NON C’E’ DUE SENZA TRE
C’è da spiegare che in realta’ i protagonisti dell’avventura sono 3, e piu’ precisamente il terzo protagonista è il videogiocatore(tu!) che fungera’ da vero ponte comunicativo tra Terry e lo scienziato. Il giovane adolescente infatti trovandosi distaccato da famiglia, amici su un pianeta sperduto e per di piu’ pieno di insidie sarebbe facile preda di varie bestie se non fosse per l’aiuto del caro buon vecchio scienziato che ci comunichera’ i passi da far combiere al giovane ragazzino in modo che esso possa raggiungere la navicella e, in futuro, svolgere missioni in vari dungeon per recuperare i cristalli necessari per il funzionamento della nave spaziale ormai distrutta dall’impatto devastante. Inizialmente l’avventura vedra’ terry equipaggiato con armi precarie quali bastoni e coltelli arrugginiti che verranno sostituiti da armi via via piu’ efficenti che renderanno l’esplorazione una scampagnata in un terreno minato. Ma oltre ad armi convenzionali Terry potra’ utilizzare delle specie di figure adesive da applicare con il pennino sul nemico nello stesso stile della carta moschicida (Una particolare variante d’attacco che ci riportera’ ai vecchi tempi con gli album della Panini). Un’altra capacita’ di Terry consisera’ nell’indossare abiti diversi per ricoprire ruoli alquanto stravaganti quale il mago elementare oppure il re pescatore. Certo è che ad ogni vestito indossato iniziera’ un vero e proprio minigioco che ci portera anche ad allentare la tensione di gioco con un piacevole diversivo! Il menu di Terry è veramente grande e dispone di ampissimi spazi per armi cibo e via dicendo.Inoltre le varianti di figure appiccicose aumenteranno al proseguire della storia!
ACTION-RPG
E’ sempre piu’ frequente l’unione di generi diversi per rendere l’esperienza di gioco piu’ dinamica e piacevole, anche in Contact avviene tutto cio’: il menu in pieno stile strategico(per la sua ampiezza) viene applicato con battaglie a “turni” che verranno decise dalla nostra belligeranza. Infatti di per se’ il nemico non tende ad attaccare ma sta a noi decidere se distruggere qualche animale. Per dare il via alla lotta basta toccare con la stilo la nostra futura vittima o carnefice tenendo sempre presente che un onorevole fuga puo’ essere cosa buona e giusta soprattutto all’inizio visto che ci troveremo con pochissimi HP degni di un ragazzino come Terry. I Dungeon che affronteremo saranno parecchi e viaggiando nel piccolo pianeta inospitale scopriremo che il nuovo mondo è abitato da esseri sociali simili agli uomini ai quali potremo relazionarci o rendeceli nemici compiedo atti immorali che porteranno Terry ad essere un vero e proprio teppistello. Ma non tutti i mali vengono per nuocere dal momento che creandosi un “kharma” negativo sara’ possibile utilizzare alcune armi e oggetti prima non disponibili a causa della troppa bonarieta’. Insomma sembra proprio che la nostra coscienza possa condurci a diverse strade e stili di vita che andranno’ a ripercuotersi inevitabilmente sullo svolgimento della missione. Il Gioco inoltre prevede una modalita’ wi-fi dove sara’ possibile incontrare i nostri amici per chiaccherare e scambiare oggetti.
CONCLUSIONI
Che dire… Contact è un bellissimo gioco, fuori dai canoni e per la prima volta il giocatore puo’ sentirsi parte integrante dell’azione rendendo i confini tra videogioco e realta’ sfumati.
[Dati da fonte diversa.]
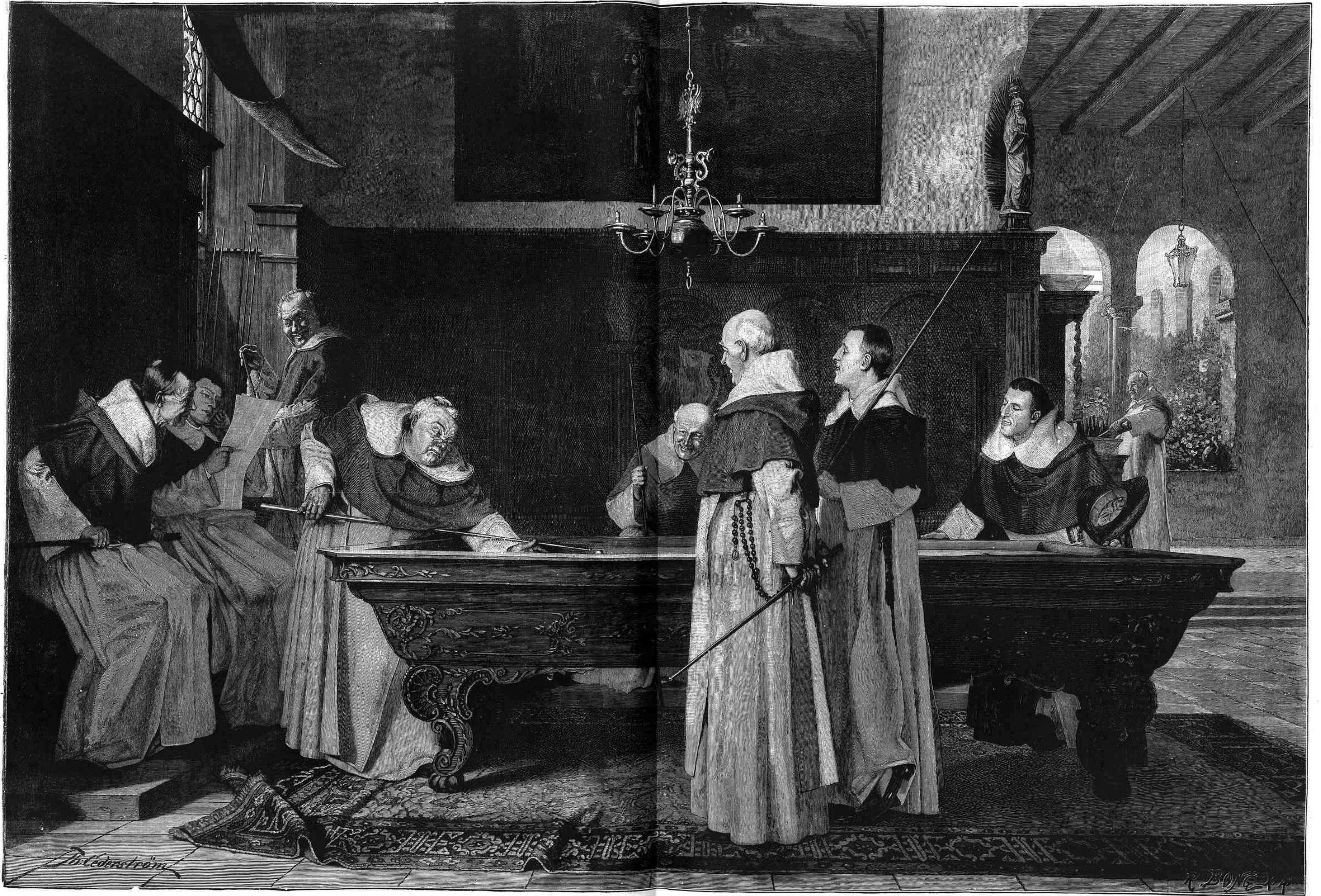
¡ANIMO, COMPAÑERO! CUADRO DE TH. CEDERSTROM
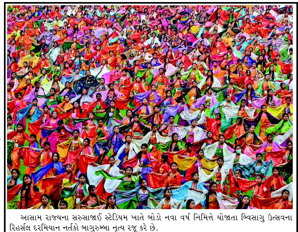
આસામ રાજ્યના સરસાજાઈ સ્ટેડિયમ ખાતે બોડો નવા વર્ષ નિમિત્તે યોજાતા બિવસાગુ ઉત્સવના રિહર્સલ દરમિયાન નર્તકો બાગુરુમ્મા નૃત્ય રજૂ કરે છે.

Lo stile grafico di certo non fa gridare ma di certo la commistione tra 2D e 3D risulta sempre piu’ spesso una linea di demarcazione per evidenziare due diverse realta’ che in un solo colpo si presentano sui due schermi del nostro DS. Terry è tridimensionale mentre lo scienziato è una figura piana ma, nonostante questa diversita’, il gioco crea un dualismo grafico che risulta piacevole alla vista. Ricordiamoci pero’ che la grafica non è tutto, è solo una variante che influenza relativamente il voto del gioco. Contact è il gioco dell’interazione personale.